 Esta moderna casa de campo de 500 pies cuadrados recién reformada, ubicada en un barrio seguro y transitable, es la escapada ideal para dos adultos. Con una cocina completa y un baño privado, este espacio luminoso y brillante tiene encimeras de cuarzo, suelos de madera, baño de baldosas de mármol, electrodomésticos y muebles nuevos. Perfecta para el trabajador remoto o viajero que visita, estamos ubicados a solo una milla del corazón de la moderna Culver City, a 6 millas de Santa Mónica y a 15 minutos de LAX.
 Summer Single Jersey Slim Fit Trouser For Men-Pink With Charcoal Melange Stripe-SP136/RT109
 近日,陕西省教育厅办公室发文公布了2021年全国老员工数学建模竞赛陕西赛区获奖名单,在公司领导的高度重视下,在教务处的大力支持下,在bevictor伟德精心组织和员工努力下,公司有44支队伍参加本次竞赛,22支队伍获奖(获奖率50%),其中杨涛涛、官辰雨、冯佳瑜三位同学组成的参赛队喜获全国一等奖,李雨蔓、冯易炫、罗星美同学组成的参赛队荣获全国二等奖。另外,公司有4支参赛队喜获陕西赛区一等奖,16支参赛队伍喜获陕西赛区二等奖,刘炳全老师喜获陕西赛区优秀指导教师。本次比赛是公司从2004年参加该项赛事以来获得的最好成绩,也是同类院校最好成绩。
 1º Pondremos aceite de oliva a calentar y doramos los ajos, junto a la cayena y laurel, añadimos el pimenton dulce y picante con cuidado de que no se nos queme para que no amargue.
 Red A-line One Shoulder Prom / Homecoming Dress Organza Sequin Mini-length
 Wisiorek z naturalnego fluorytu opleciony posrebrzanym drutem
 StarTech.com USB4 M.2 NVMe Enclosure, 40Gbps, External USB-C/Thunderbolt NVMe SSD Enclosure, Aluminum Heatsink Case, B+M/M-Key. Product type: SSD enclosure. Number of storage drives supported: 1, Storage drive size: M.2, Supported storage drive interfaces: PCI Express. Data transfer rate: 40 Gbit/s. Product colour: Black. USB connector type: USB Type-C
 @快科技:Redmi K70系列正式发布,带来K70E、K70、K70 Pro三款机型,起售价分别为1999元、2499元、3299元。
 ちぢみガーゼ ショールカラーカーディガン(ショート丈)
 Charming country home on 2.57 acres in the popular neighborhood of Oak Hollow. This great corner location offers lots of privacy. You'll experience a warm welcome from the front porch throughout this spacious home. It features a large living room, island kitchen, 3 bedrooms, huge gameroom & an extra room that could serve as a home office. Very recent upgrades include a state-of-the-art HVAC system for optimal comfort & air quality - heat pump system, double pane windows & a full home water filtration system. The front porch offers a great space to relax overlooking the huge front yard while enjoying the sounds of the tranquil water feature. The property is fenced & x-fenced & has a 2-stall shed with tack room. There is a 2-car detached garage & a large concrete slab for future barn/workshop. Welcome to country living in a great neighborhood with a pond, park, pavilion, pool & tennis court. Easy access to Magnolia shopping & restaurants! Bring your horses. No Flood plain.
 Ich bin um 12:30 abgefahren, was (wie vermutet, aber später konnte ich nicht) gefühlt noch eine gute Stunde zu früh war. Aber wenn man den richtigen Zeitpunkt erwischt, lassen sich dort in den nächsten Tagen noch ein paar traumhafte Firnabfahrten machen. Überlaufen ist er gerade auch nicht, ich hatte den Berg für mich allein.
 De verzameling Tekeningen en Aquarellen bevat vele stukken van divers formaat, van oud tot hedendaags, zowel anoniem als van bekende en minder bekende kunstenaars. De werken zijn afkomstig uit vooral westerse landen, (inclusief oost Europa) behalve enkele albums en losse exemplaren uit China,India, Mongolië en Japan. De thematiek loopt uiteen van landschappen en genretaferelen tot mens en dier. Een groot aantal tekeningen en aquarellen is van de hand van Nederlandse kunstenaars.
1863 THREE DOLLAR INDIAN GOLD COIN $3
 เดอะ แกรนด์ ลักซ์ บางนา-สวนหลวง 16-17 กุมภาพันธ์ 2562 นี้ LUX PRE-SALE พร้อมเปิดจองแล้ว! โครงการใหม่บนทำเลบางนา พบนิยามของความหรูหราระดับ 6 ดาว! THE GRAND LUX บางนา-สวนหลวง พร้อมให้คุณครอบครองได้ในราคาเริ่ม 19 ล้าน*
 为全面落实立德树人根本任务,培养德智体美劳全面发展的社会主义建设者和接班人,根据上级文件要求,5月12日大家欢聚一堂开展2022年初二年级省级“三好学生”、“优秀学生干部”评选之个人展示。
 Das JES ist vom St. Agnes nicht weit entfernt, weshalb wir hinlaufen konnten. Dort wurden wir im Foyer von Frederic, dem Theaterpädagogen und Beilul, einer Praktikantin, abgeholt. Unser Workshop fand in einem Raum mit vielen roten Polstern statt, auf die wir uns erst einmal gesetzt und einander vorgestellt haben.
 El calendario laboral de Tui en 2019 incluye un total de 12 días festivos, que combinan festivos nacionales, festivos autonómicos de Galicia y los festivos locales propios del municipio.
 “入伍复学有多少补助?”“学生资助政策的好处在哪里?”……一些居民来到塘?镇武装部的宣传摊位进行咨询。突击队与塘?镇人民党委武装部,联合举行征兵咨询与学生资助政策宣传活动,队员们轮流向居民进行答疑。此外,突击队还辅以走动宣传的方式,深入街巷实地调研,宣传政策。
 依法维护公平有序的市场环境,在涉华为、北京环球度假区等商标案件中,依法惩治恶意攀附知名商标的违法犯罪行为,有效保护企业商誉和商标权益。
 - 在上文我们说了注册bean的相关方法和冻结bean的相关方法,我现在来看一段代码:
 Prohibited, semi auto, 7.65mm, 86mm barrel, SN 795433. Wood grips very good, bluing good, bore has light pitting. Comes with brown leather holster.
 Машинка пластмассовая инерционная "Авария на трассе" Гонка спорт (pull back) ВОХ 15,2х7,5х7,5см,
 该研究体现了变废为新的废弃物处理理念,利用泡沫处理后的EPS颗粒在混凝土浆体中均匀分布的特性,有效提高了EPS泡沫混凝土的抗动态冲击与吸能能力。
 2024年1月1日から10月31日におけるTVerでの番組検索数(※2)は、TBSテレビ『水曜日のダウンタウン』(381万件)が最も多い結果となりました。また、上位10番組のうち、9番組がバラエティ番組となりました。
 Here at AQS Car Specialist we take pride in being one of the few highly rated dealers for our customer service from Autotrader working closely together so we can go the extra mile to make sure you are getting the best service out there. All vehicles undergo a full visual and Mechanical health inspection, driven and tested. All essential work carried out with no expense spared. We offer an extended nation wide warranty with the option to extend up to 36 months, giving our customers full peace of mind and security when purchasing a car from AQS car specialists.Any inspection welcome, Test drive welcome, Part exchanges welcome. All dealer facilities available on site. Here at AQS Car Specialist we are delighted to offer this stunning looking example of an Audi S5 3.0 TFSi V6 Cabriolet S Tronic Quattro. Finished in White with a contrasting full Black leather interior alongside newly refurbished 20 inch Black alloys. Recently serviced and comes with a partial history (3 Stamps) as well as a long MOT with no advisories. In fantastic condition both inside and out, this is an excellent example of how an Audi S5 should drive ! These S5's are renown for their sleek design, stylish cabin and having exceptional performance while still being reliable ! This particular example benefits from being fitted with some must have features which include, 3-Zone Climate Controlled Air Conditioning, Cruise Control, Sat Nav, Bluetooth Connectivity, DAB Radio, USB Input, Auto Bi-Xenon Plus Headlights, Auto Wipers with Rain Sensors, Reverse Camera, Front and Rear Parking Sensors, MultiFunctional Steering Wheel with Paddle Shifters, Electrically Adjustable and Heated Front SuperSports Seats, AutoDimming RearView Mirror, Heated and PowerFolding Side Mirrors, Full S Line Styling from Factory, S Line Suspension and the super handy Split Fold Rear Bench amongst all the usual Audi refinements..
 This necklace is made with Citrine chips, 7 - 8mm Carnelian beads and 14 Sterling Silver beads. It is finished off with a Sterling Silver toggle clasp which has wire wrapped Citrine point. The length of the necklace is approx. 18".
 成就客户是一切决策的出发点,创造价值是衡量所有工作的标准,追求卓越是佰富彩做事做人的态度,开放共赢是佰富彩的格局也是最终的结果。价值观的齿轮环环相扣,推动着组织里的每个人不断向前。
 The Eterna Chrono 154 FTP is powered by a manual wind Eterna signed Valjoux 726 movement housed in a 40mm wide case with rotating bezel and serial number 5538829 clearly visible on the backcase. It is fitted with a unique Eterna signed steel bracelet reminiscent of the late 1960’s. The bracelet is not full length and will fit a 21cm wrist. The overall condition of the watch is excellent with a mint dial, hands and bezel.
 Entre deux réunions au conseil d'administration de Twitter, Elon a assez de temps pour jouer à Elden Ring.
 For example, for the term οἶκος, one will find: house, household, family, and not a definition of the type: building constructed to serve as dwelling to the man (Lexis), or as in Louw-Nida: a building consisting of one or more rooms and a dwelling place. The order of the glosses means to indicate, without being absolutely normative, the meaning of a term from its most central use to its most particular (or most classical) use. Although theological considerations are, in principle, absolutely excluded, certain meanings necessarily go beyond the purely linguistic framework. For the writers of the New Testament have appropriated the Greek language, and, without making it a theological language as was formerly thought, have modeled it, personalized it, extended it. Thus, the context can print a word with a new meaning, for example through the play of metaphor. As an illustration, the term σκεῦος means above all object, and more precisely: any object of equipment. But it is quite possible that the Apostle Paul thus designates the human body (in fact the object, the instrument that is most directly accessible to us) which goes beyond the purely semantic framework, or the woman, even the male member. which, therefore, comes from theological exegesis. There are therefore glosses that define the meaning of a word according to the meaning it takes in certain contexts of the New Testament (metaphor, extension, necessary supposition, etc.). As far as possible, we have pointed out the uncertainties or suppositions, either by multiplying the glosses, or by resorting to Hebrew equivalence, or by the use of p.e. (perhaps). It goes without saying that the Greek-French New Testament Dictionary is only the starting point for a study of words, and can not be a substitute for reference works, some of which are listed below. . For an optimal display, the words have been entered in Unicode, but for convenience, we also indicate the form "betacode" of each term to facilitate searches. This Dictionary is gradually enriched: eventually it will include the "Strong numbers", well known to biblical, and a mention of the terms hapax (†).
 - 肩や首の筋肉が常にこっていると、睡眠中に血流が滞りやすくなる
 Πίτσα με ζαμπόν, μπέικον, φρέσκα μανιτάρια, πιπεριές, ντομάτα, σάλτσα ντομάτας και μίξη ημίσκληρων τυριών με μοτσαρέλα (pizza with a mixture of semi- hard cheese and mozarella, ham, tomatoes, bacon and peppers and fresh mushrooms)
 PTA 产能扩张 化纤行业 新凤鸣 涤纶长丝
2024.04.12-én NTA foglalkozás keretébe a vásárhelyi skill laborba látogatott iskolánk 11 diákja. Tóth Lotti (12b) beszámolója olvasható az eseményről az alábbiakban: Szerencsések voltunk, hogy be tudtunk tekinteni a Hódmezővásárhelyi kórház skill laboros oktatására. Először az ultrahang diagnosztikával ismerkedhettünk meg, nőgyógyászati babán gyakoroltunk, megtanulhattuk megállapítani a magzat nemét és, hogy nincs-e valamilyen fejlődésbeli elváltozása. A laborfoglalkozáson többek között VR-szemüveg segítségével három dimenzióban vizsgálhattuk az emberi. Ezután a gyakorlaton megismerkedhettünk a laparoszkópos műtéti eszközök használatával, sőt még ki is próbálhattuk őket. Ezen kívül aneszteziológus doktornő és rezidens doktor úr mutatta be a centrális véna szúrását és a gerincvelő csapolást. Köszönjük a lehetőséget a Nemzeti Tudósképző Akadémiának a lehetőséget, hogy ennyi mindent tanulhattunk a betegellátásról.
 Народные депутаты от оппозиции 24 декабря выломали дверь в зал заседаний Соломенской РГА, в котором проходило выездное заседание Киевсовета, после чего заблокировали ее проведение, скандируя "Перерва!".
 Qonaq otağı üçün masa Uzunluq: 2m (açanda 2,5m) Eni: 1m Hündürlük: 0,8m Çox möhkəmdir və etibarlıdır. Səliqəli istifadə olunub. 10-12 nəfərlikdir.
⁂
* WHAT NEEDS TO BE DONE
Copy out, exactly as written, the line that contains "Народные депутаты от" along with every line that comes after it in the material above, and nothing else.

* RESULT OF THIS EXERCISE
 Народные депутаты от оппозиции 24 декабря выломали дверь в зал заседаний Соломенской РГА, в котором проходило выездное заседание Киевсовета, после чего заблокировали ее проведение, скандируя "Перерва!".
 Qonaq otağı üçün masa Uzunluq: 2m (açanda 2,5m) Eni: 1m Hündürlük: 0,8m Çox möhkəmdir və etibarlıdır. Səliqəli istifadə olunub. 10-12 nəfərlikdir.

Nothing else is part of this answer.